__What you will do__:
Exact transcription of the data below is required, without the images.

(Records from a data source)
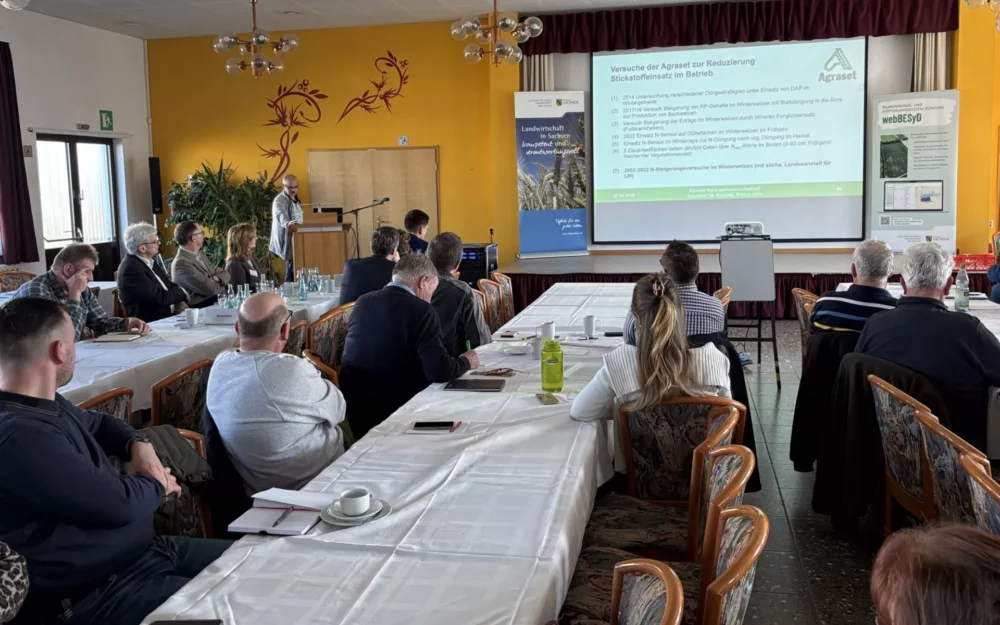 Dank des belebenden Vortrags von Enrico Jahn, Landwirt aus der Agraset-Agrargenossenschaft in Naundorf, wurde für alle spürbar, wie es ist, wenn jemand seinen Beruf als Berufung ansieht und sich aktiv in die Region einbringt, in der er auch lebt. Ob Schlagteilung auf hoch erosionsanfälligen Flächen, gleichmäßigere Verteilung der Organik über den Betrieb und damit Senkung des Mineraldüngereinsatzes oder auch die Anpassung der Düngung an den Pflanzenbedarf in der Teilfläche bis hin zur Umsetzung eigener Stickstoffsteigerungsversuche. „Einfach mal machen und Erfahrungen sammeln“. Vielen Dank an dieser Stelle auch von uns an Herrn Jahn und seine Mitarbeiter für die immer konstruktive und freundschaftliche Zusammenarbeit.
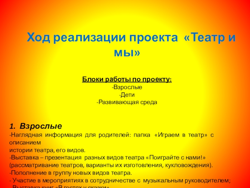 Слайд 18 Ход реализации проекта «Театр и мы»
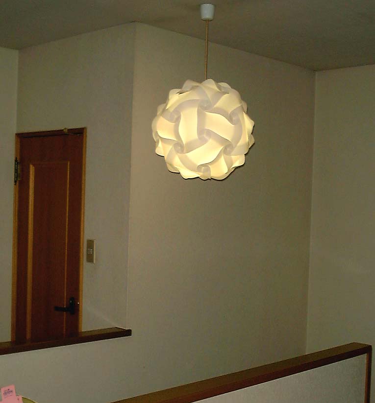 帰宅すると、注文してあった『IQ light』が届いていた。30枚のパネルを組み立てて、既存のライトにセットした写真(左側)。我が家の階段の上のところに設置。なかなか、存在感のある大きさで、GOOD!!。
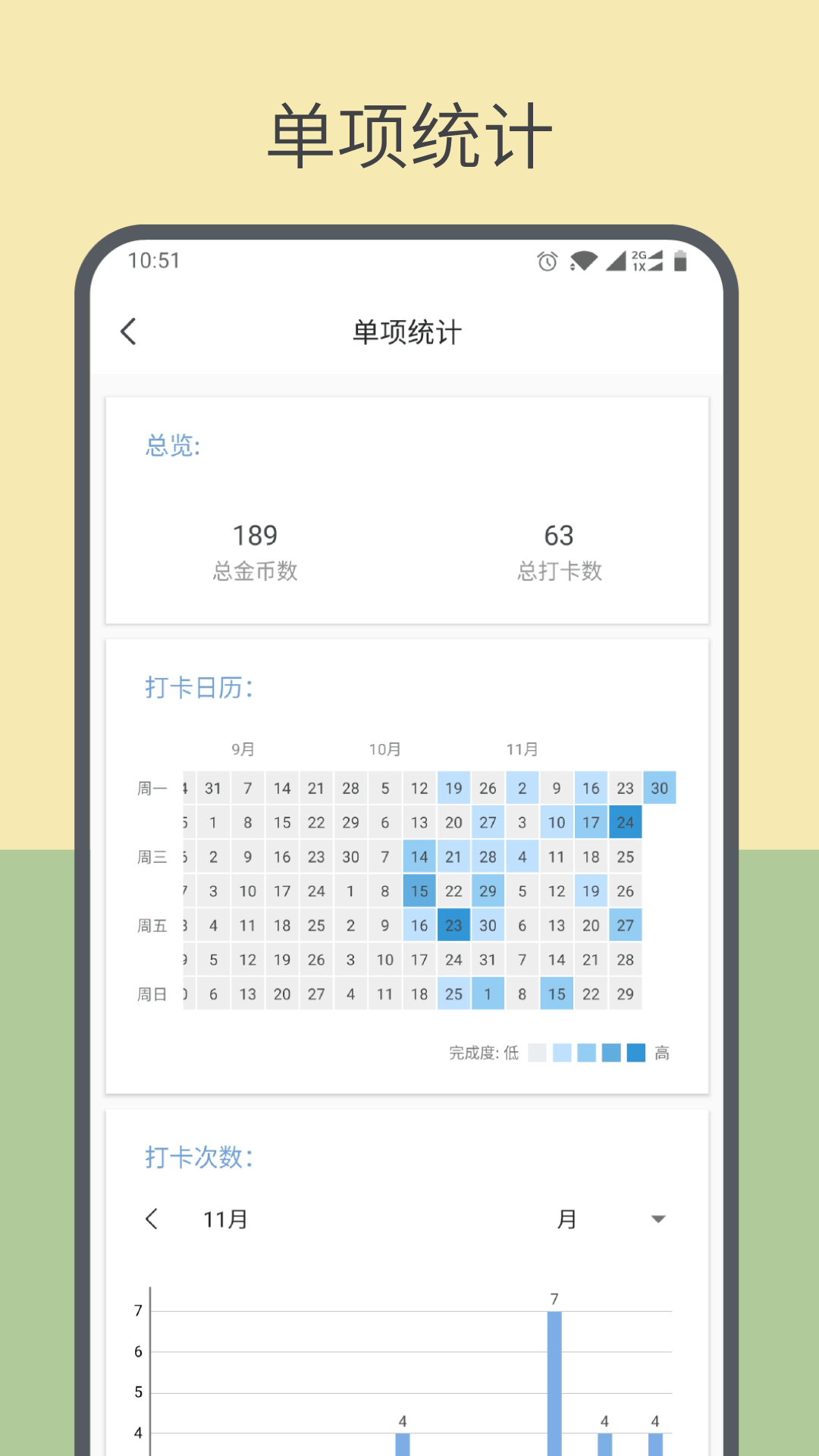 更有日历统计,直观看到打卡频率
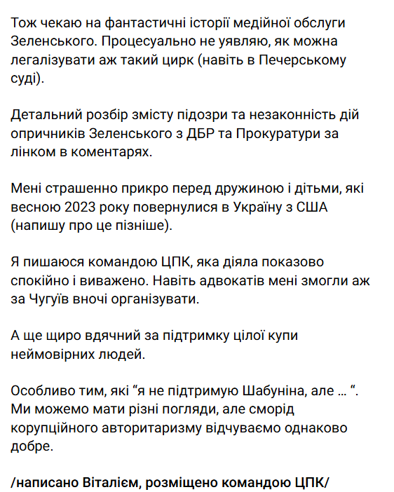 Команда ЦПК опублікувала написаний Віталієм Шабуніним текст у його Telegram-каналі 12 липня. Голова центру заявив, що обшуки проводилися без ухвали суду та тривали 15 годин, і під час них співробітники Служби безпеки України та Державного бюро розслідувань маніпулювали з його мобільним телефоном.

__Task result__:
 Dank des belebenden Vortrags von Enrico Jahn, Landwirt aus der Agraset-Agrargenossenschaft in Naundorf, wurde für alle spürbar, wie es ist, wenn jemand seinen Beruf als Berufung ansieht und sich aktiv in die Region einbringt, in der er auch lebt. Ob Schlagteilung auf hoch erosionsanfälligen Flächen, gleichmäßigere Verteilung der Organik über den Betrieb und damit Senkung des Mineraldüngereinsatzes oder auch die Anpassung der Düngung an den Pflanzenbedarf in der Teilfläche bis hin zur Umsetzung eigener Stickstoffsteigerungsversuche. „Einfach mal machen und Erfahrungen sammeln“. Vielen Dank an dieser Stelle auch von uns an Herrn Jahn und seine Mitarbeiter für die immer konstruktive und freundschaftliche Zusammenarbeit.
 Слайд 18 Ход реализации проекта «Театр и мы»
 帰宅すると、注文してあった『IQ light』が届いていた。30枚のパネルを組み立てて、既存のライトにセットした写真(左側)。我が家の階段の上のところに設置。なかなか、存在感のある大きさで、GOOD!!。
 更有日历统计,直观看到打卡频率
 Команда ЦПК опублікувала написаний Віталієм Шабуніним текст у його Telegram-каналі 12 липня. Голова центру заявив, що обшуки проводилися без ухвали суду та тривали 15 годин, і під час них співробітники Служби безпеки України та Державного бюро розслідувань маніпулювали з його мобільним телефоном.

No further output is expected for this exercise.